Tuesday, May 27, 2014
Your Faith is Now Intrinsically Offensive. Are You Ready for the Fallout?
by Jim Tonkowich http://juicyecumenism.com/2014/05/25/jim-tonkowich-your-faith-is-now-intrinsically-offensive-are-you-ready-for-the-fallout/
“The world of 1906,” wrote Violet Bonham Carter in her biography of Winston Churchill, “was a stable and a civilized world in which the greatness and authority of Britain and her Empire seemed unassailable and invulnerably secure…. Powerful, prosperous, peace-loving, with the seas all round us and the Royal Navy on the seas, the social, economic, international order seemed to our unseeing eyes as firmly fixed on earth as the signs of the Zodiac in the sky.”
Think of it: living before the devastation and slaughter of World War I, before the rise of Communism and the upheaval of the Russian Revolution, in an age far more innocent than our own. The prosperity and stability of the British Empire in the Victorian Era would, people thought, only grow stronger with a new king, in a new century, enlightened by the bright beams of progress.

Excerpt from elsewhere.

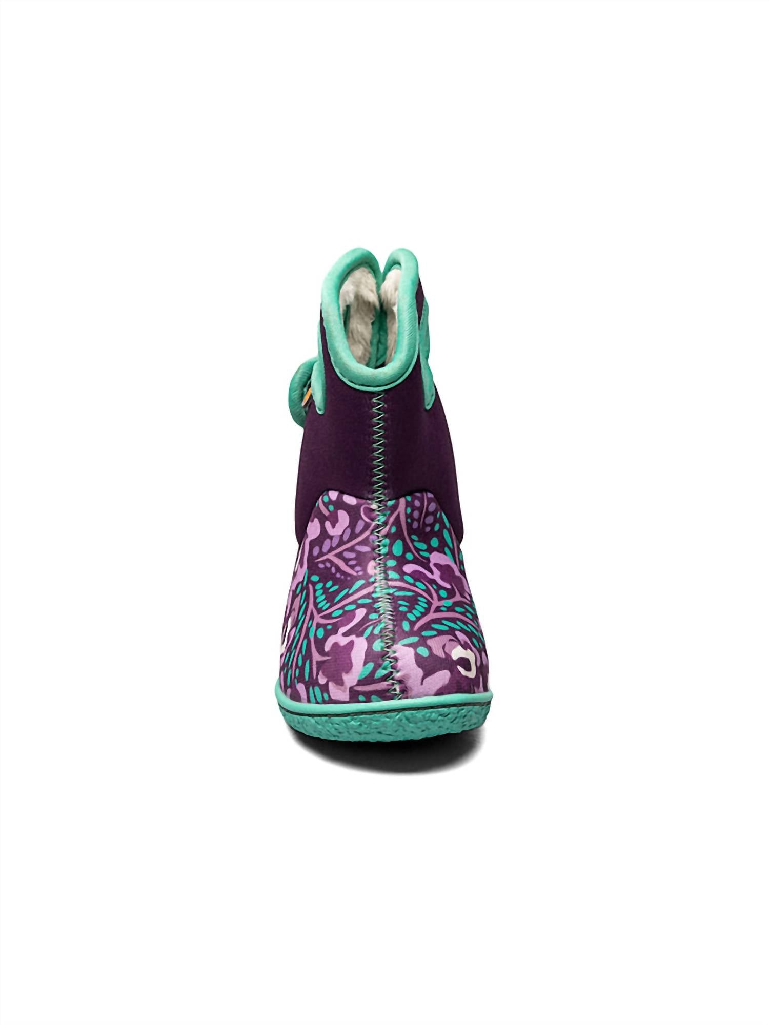 Meet the Baby/Toddler Classic Flower Power Bootie by BOGS, a stylish and functional choice in vibrant purple for your little one's fall adventures. Designed with a round toe shape, these boots offer 100% waterproof construction and feature 3mm Neo-Tech waterproof insulation to keep small feet warm and dry. Benefit from BOGS Max-Wick technology to evaporate sweat and DuraFresh natural bio-technology to minimize odors, all while enjoying a plush lining for comfort. With a comfort rating of 14°F/-10°C and the convenience of being machine washable, these booties effortlessly blend style with practicality for your toddler's travel and outdoor escapades.

Of course, not everyone was fooled.
In 1907, Monsignor Robert Hugh Benson, reading the signs most people didn’t noticed, published his dystopian End Times novel, Lord of the World. Set in the early twenty-first century, Benson foresaw a time when busy workers “had learned at least the primary lessons of the gospel that there was no God but man, no priest but the politician, no prophet but the schoolmaster.” He envisioned a world in which Christianity had all but vanished with little hope of resurgence, a world where the marginalization of Christians morphed into persecution and finally genocide.
In the novel, an elderly statesman explains the situation to an young priest: “First, you see, there was Materialism, pure and simple that failed more or less—it was too crude—until psychology came to the rescue. Now psychology claims all the rest of the ground; and the supernatural sense seems accounted for. That’s the claim. No, father, we are losing; and we shall go on losing, and I think we must ever be ready for a catastrophe at any moment.”
Lord of the World came to mind (mine and others) last Tuesday after hearing Princeton University’s McCormick Professor of Jurisprudence, Dr. Robert George at the tenth annual National Catholic Prayer Breakfast in Washington, DC.
“My message for you today is a somber one,” he began. “The days of acceptable Christianity are over. The days of comfortable Catholicism are past. It’s no longer easy to be a faithful Christian, a good Catholic, a faithful witness to the truths of the Gospel.”
Comparing our era to the events of Jesus’ Passion, he noted, “Things were easy in those Palm Sunday days, standing with Jesus and his truths was the in thing to do, to be part of the crowd, waving the palm branches, shouting ‘Hosanna!’” But Palm Sunday has passed; Good Friday looms with the crowds beginning to cry for crucifixion.
On Good Friday, he said, most of the disciples fled in fear and shame. Only the beloved apostle, John, and Mary, his mother, stayed with Jesus as he hung on the cross. George challenged each of us to decide whether or not to stay with them. “The question each of us must face is this: am I ashamed of the Gospel? And that question opens to others: am I willing to pay the price that will be demanded if I refuse to be ashamed? Am I willing to give public witness to the massively politically incorrect truths of the gospel?”
Standing for biblical teaching—specifically teaching about sexuality, marriage, and life—is no longer acceptable as Brendan Eich who lost his job as president of Mozilla, David and Jason Bentham who lost their show on HGTV, and others have discovered.
“They threaten us with consequences if we refuse to call what is good, evil, and what is evil, good,” said George, “They demand [we] conform our thinking to their orthodoxy, or else say nothing at all.” Break their rules and, like the beleaguered Christians in Benson’s novel, we could pay a steep price in our careers, our social standing, our friendships, our fortunes, and our futures.